The results of the joint U-series/ESR dating for the mandible from Banyoles place it either in the earlier part of Marine Isotope Stage (MIS) 3 or during MIS 4, when continental glaciation was at its most extensive in the Late Pleistocene. Based on the current fossil record, Europe was occupied solely by Neandertals during the first half of the Late Pleistocene, with H. sapiens fossils only appearing during MIS 3 (Ahern et al., 2013; Higham et al., 2014). Although many human fossils do not have a clear chronology, there are very few securely dated fossils from European sites during MIS 4, including perhaps the Neandertal skeleton from Régourdou cave in France (Vandermeersch and Trinkaus, 1995). In contrast, Neandertal remains recovered from sites in southwest Asia such as Amud, Kebara, and Ein Qashish likely fall between 50 and 70 ka (Schwarcz et al., 1989; Rink et al., 2001; Been et al., 2017), making them potentially contemporaneous with Banyoles, and a similar chronology has been reported for the fossil H. sapiens cranium from the site of Manot (Hershkovitz et al., 2015; Alex et al., 2017).

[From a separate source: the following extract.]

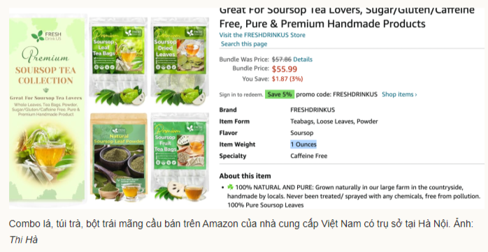 ธุรกิจชาวเวียดนามแห่งหนึ่งขายชาถุงและใบมะนาวเทศแห้งผ่าน Amazon (สหรัฐอเมริกา) ในราคาตั้งแต่ 300,000 ถึงกว่า 1 ล้านดอง (ขึ้นอยู่กับน้ำหนัก)

A notable increase in Mousterian occupation sites and Neandertal remains is documented in MIS 3 (Mellars, 1999; Van Andel et al., 2003; Smith et al., 2017), with numerous Neandertal fossils falling within the time range estimated for Banyoles (Higham et al., 2014). However, by around 40 ka, the Neandertals start to disappear from the archaeological and fossil records (Van Andel et al., 2003; Ahern et al., 2013; Smith, 2013; Higham et al., 2014), and the latter half of the Late Pleistocene saw the appearance of H. sapiens in Europe.

Although a potentially much earlier H. sapiens fossil has been reported from Apidima in Greece by 210 ka (Harvati et al., 2019), the earliest fossil evidence for H. sapiens from the Late Pleistocene was recently suggested at the Grotte Mandrin in France dating to between 56.8 and 51.7 ka (Slimak et al., 2022). Other, slightly younger European early H. sapiens fossils, include fragmentary specimens from Bacho Kiro cave (Bulgaria; Hublin et al., 2020), a partial cranium from Peştera cu Oase (Romania), some isolated teeth from the Grotta del Cavallo (Italy) and the cranium from Zlatý Kůň (Czechia) and the fragmentary maxilla from Kent's Cavern (England; Benazzi et al., 2011; Higham et al., 2011, 2014; Prüfer et al., 2021). All these early H. sapiens specimens likely overlap chronologically with the younger age estimate for Banyoles, and recent genetic evidence suggests that ancestral populations of H. sapiens potentially arrived much earlier than MIS 3 (Meyer et al., 2016; Posth et al., 2017; Petr et al., 2020).

Our understanding of the significance of Banyoles has been hampered by several factors. The lack of any archaeological context means behavioral inferences are difficult to draw for this individual, and the precise chronology of the specimen has been an open question for most of the past century. In addition, the extreme tooth wear in this individual also limits useful taxonomic information from the dentition. Fortunately, the chronology of the specimen has much improved, and, although still imprecise, clearly indicates a Late Pleistocene age, likely falling within MIS 3–4. Thus, a Middle Pleistocene age can be ruled out for Banyoles, and this means the most appropriate comparisons for the specimen are with other contemporary hominins in Late Pleistocene Europe and perhaps southwest Asia. As the long and complex history of the taxonomic placement of Banyoles demonstrates, new methodological approaches are necessary to shed further light on this enigmatic specimen.